REQUIRED WORK: Leaving out the images, return the data below exactly as it is written.

EXTRACTED DATA:

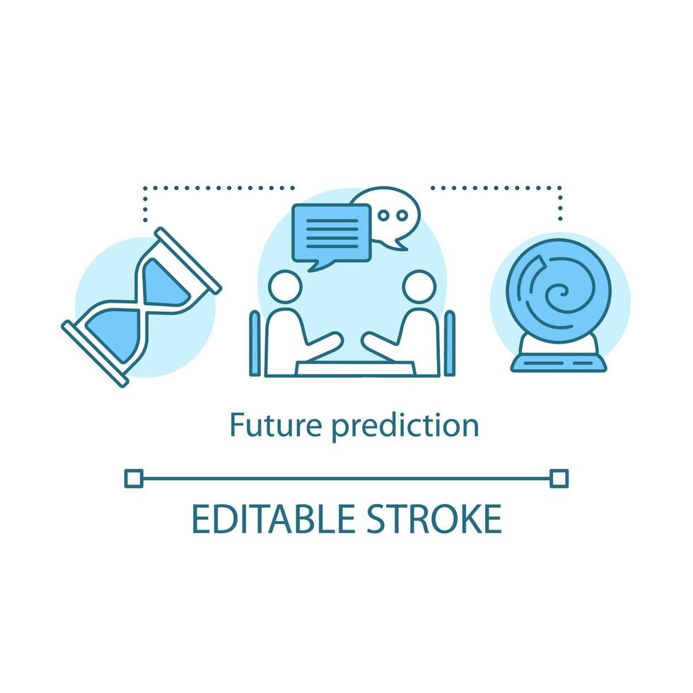 Future prediction concept icon. Fortune telling service. Divination and occultism idea thin line illustration. Hourglass, oracle and crystal ball vector isolated outline drawing. Editable stroke Pro Vector
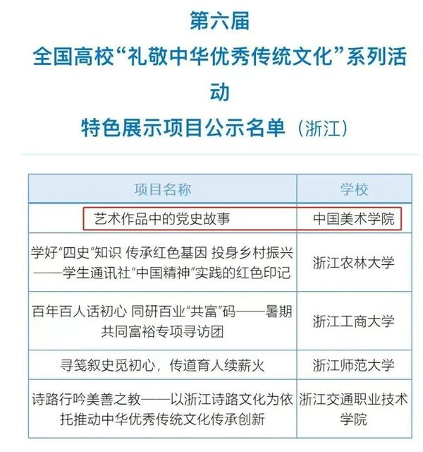 近日,教育部思想政治工作司公示了第六届全国高校“礼敬中华优秀传统文化”系列活动遴选结果。中国美术学院艺术人文学院“艺术作品中的党史故事”获评特色展示项目。
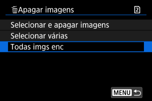 • Se selecionar [Todas imgs enc], todas as imagens filtradas pelas condições de procura serão apagadas.
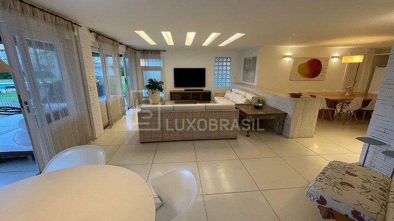 Imóvel com 02 andares, 06 quartos, sendo 05 suítes. Sala de estar e jantar integradas, varanda, cozinha e lavanderia. Condomínio do Sol, com poucas casas, piscina compartilhada, sauna, área comum em frente a praia. É possível contratar os funcionários do imóvel para trabalhar durante a estadia com arrumação, limpeza e alimentação, mediante custo à parte de acordo com horas de trabalho e período contratado.
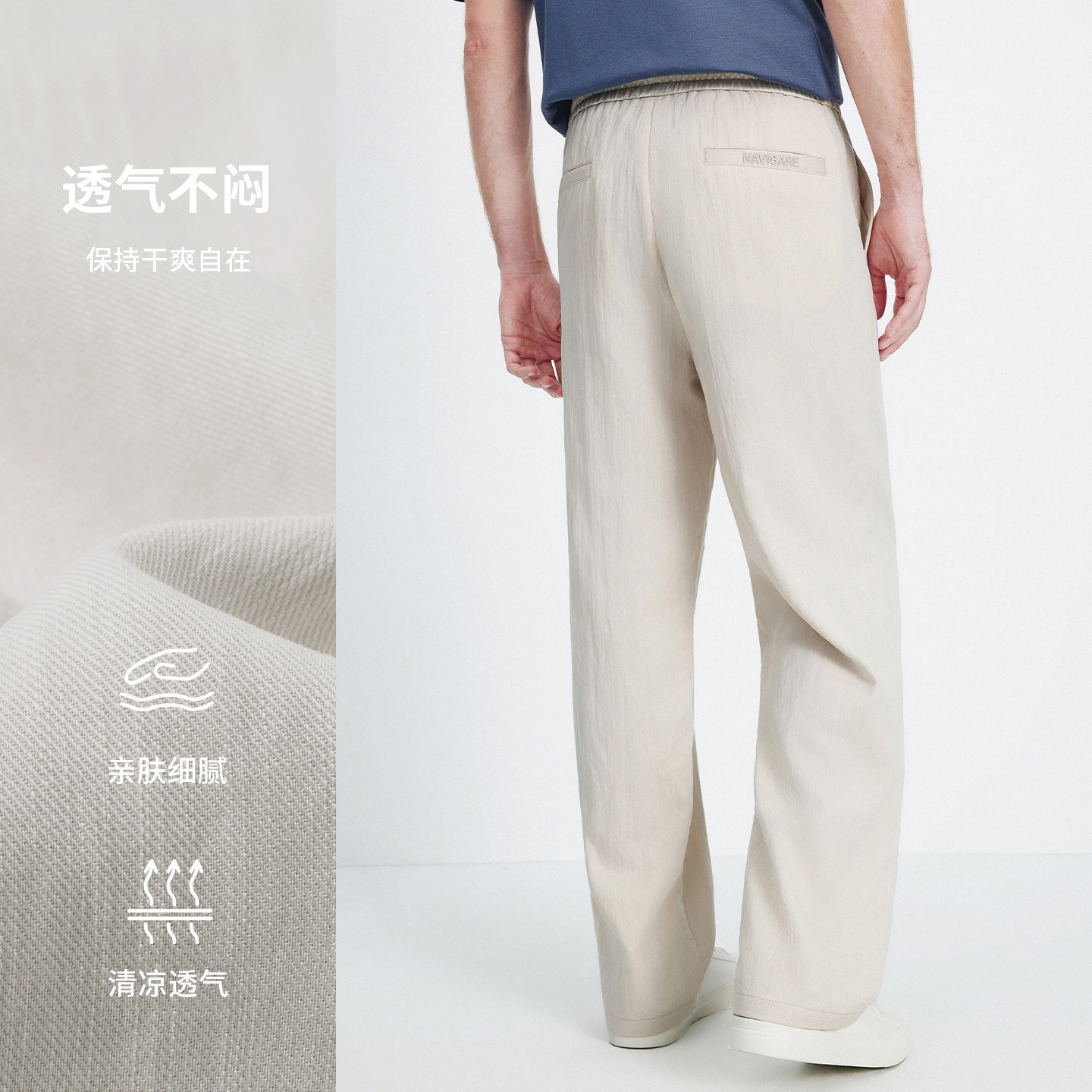 Navigare意大利小帆船莱赛尔弹力休闲裤男2026春夏透气阔腿长裤

EXERCISE ANSWER:
 Future prediction concept icon. Fortune telling service. Divination and occultism idea thin line illustration. Hourglass, oracle and crystal ball vector isolated outline drawing. Editable stroke Pro Vector
 近日,教育部思想政治工作司公示了第六届全国高校“礼敬中华优秀传统文化”系列活动遴选结果。中国美术学院艺术人文学院“艺术作品中的党史故事”获评特色展示项目。
 • Se selecionar [Todas imgs enc], todas as imagens filtradas pelas condições de procura serão apagadas.
 Imóvel com 02 andares, 06 quartos, sendo 05 suítes. Sala de estar e jantar integradas, varanda, cozinha e lavanderia. Condomínio do Sol, com poucas casas, piscina compartilhada, sauna, área comum em frente a praia. É possível contratar os funcionários do imóvel para trabalhar durante a estadia com arrumação, limpeza e alimentação, mediante custo à parte de acordo com horas de trabalho e período contratado.
 Navigare意大利小帆船莱赛尔弹力休闲裤男2026春夏透气阔腿长裤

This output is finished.